┏━━
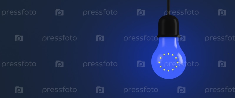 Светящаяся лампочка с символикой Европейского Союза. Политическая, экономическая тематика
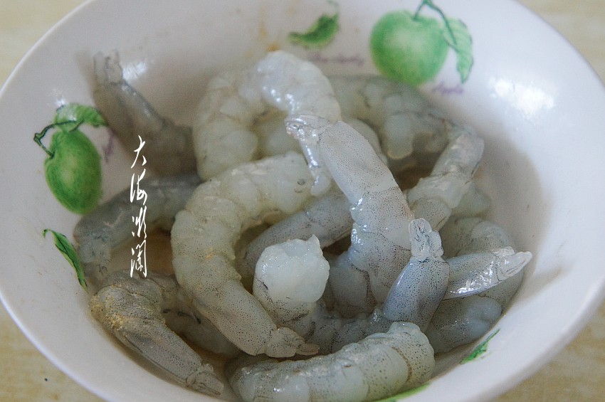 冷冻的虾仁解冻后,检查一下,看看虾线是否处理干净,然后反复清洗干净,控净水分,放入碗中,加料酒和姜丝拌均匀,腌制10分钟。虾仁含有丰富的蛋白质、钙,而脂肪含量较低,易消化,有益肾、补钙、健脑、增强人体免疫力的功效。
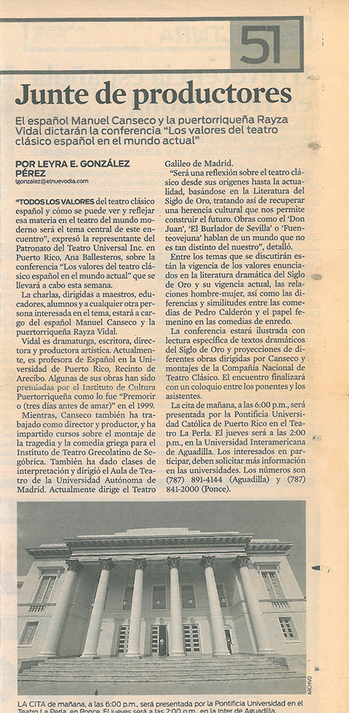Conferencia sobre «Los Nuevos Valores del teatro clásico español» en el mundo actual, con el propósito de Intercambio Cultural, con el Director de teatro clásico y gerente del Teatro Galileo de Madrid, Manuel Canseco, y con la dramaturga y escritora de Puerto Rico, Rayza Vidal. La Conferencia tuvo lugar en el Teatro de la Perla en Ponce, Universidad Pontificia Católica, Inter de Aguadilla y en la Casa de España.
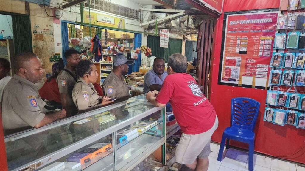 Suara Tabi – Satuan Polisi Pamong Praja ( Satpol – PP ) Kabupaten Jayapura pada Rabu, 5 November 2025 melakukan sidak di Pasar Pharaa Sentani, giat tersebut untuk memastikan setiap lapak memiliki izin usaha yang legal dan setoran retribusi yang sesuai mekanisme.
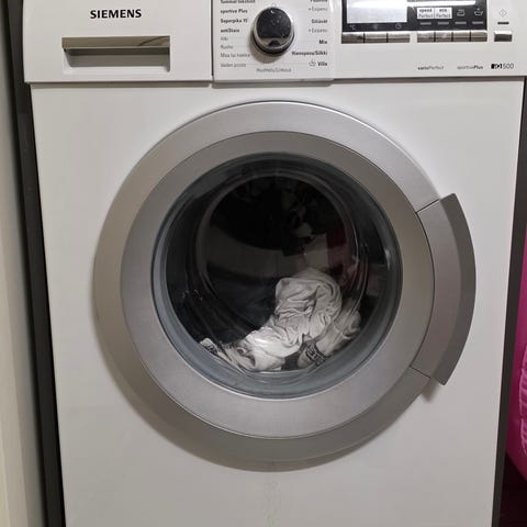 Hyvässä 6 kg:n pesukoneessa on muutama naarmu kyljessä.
┗━━
┏━━
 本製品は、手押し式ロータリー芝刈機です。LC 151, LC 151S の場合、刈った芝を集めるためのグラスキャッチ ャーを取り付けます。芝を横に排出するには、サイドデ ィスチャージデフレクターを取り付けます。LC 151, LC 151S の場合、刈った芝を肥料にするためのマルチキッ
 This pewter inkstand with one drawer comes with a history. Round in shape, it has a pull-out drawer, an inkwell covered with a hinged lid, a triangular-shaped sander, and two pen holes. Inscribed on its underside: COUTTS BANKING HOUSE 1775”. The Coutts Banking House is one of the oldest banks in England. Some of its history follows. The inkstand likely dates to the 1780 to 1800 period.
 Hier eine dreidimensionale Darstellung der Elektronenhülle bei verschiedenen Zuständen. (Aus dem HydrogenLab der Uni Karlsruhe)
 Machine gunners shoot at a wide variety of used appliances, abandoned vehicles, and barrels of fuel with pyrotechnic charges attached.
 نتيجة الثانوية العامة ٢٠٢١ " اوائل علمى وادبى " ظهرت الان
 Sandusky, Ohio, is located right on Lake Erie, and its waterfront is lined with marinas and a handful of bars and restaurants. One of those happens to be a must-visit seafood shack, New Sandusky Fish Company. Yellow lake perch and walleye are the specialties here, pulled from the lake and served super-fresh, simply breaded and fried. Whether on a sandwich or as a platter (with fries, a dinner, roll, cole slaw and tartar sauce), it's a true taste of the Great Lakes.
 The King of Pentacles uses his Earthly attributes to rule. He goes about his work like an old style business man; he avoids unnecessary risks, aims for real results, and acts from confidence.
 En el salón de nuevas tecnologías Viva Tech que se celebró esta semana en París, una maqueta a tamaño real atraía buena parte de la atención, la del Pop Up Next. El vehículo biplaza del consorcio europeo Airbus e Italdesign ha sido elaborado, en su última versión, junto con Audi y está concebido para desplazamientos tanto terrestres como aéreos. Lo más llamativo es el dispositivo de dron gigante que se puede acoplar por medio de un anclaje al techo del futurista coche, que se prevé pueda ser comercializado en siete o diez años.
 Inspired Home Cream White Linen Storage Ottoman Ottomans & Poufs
┗━━
┏━━
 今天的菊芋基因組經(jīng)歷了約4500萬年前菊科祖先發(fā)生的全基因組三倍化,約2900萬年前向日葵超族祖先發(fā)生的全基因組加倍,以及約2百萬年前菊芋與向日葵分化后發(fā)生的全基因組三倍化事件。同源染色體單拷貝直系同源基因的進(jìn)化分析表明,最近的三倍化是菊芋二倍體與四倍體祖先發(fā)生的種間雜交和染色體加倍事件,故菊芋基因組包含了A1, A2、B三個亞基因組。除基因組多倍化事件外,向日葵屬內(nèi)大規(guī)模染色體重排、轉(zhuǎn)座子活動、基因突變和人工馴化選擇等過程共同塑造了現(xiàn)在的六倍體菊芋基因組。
┗━━
Exercise requirements — Of the records above, print only the lines from the one containing "Suara Tabi –" through the one containing "Hyvässä 6 kg:n", inclusive and unaltered, leaving out pictures.

Response box —
 Suara Tabi – Satuan Polisi Pamong Praja ( Satpol – PP ) Kabupaten Jayapura pada Rabu, 5 November 2025 melakukan sidak di Pasar Pharaa Sentani, giat tersebut untuk memastikan setiap lapak memiliki izin usaha yang legal dan setoran retribusi yang sesuai mekanisme.
 Hyvässä 6 kg:n pesukoneessa on muutama naarmu kyljessä.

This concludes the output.